Eerste aanleg - enkelvoudig van Rechtbank Zwolle, 27 de Julio de 2011

Sprekergepubliceerd
Datum uitspraak27 de Julio de 2011
Uitgevende instantie:Rechtbank Zwolle

vonnis

RECHTBANK ZWOLLE-LELYSTAD

Sector civiel recht

Locatie Zwolle

zaaknummer / rolnummer: 183515 / HA ZA 11-387

Vonnis in incident van 27 juli 2011

in de zaak van

  1. [A],

    wonende te [woonplaats],

  2. [B],

    wonende te [woonplaats],

    eisers in de hoofdzaak,

    verweerders in het incident,

    advocaat mr. A. Vaarkamp te Zwolle,

    tegen

    [C],

    wonende te [woonplaats],

    gedaagde in de hoofdzaak,

    eiser in het incident,

    advocaat mr. M.H. Hogeman te Zutphen.

    Partijen zullen hierna [A en B] en [C] genoemd worden.

    De procedure

    Het verloop van de procedure blijkt uit:

    - de dagvaarding

    - de conclusie van antwoord tevens houdende de incidentele vordering houdende exceptio plurium litis consortium

    - de incidentele conclusie van antwoord.

    Ten slotte is vonnis bepaald in het incident.
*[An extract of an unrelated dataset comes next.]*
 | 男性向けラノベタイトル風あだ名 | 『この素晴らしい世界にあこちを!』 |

    De beoordeling in het incident

    [C] beroept zich op de exceptio plurium litis consortium en vordert dat [A en B] niet-ontvankelijk wordt verklaard in zijn vorderingen nu hij heeft verzuimd mevrouw [voorletters mw.] [C] eveneens te dagvaarden. [A en B] voert verweer en stelt daarbij dat hij gerechtvaardigd in de veronderstelling verkeerde dat uitsluitend [C] eigenaar van de woning is, dat [C] de mede-eigendom van zijn woning van mw. [C] onvoldoende heeft onderbouwd en voorts dat geen sprake is van een ondeelbare rechtsverhouding. [A en B] concludeert dan ook, primair, tot afwijzing van de vordering. Op de stellingen van partijen wordt hierna, voor zover van belang, nader ingegaan.
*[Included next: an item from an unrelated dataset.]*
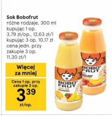 Cena produktu r贸偶ni si臋 w zale偶no艣ci od wybranego sklepu. Niestety nie posiadamy danych o aktualnych promocjach, jednak w艣r贸d archiwalnych ofert Nektar jab艂kowo-ananasowy Bobo frut kosztuje od 3,39 z艂.
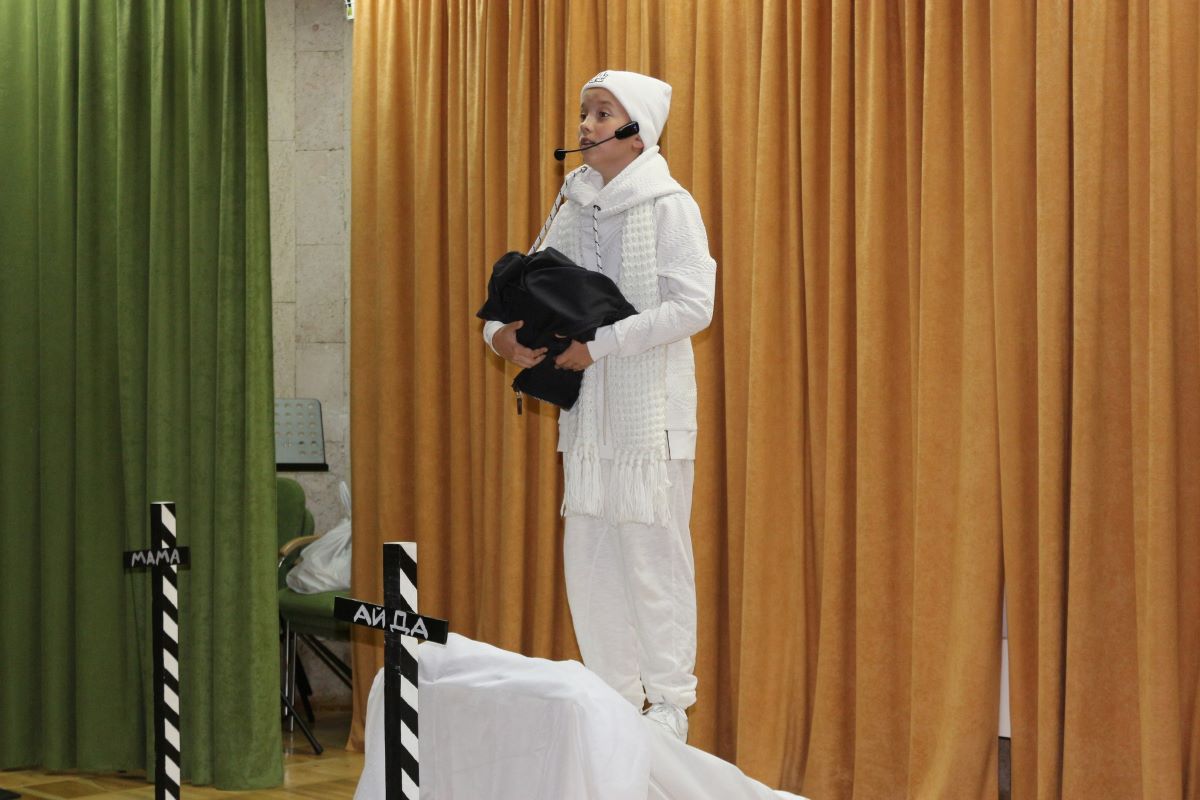 У Миколаєві представили моновиставу про маленького маріупольця, роль якого виконував юний актор.

    [C] heeft aangevoerd dat hij en mw. [C] eigenaar zijn van het perceel aan de [adres en huisnummer] in [woonplaats] en dat het ingevolge de samenhangende rechtsverhouding noodzakelijk is dat alle betrokken partijen in het geding worden gekend en dat derhalve ook mw. [C] had moeten worden gedagvaard.

    Voor een succesvol beroep op de exceptio plurium litis consortium dient sprake te zijn van een processueel ondeelbare rechtsverhouding. Hiervan is pas sprake indien het rechtens noodzakelijk is dat de beslissing ten aanzien van alle bij die rechtsverhouding betrokkenen in dezelfde zin luidt. Materiële ondeelbaarheid is daarvoor noodzakelijk noch voldoende, maar kan wel een omstandigheid zijn die meeweegt bij de beslissing over een ingeroepen processuele ondeelbaarheid.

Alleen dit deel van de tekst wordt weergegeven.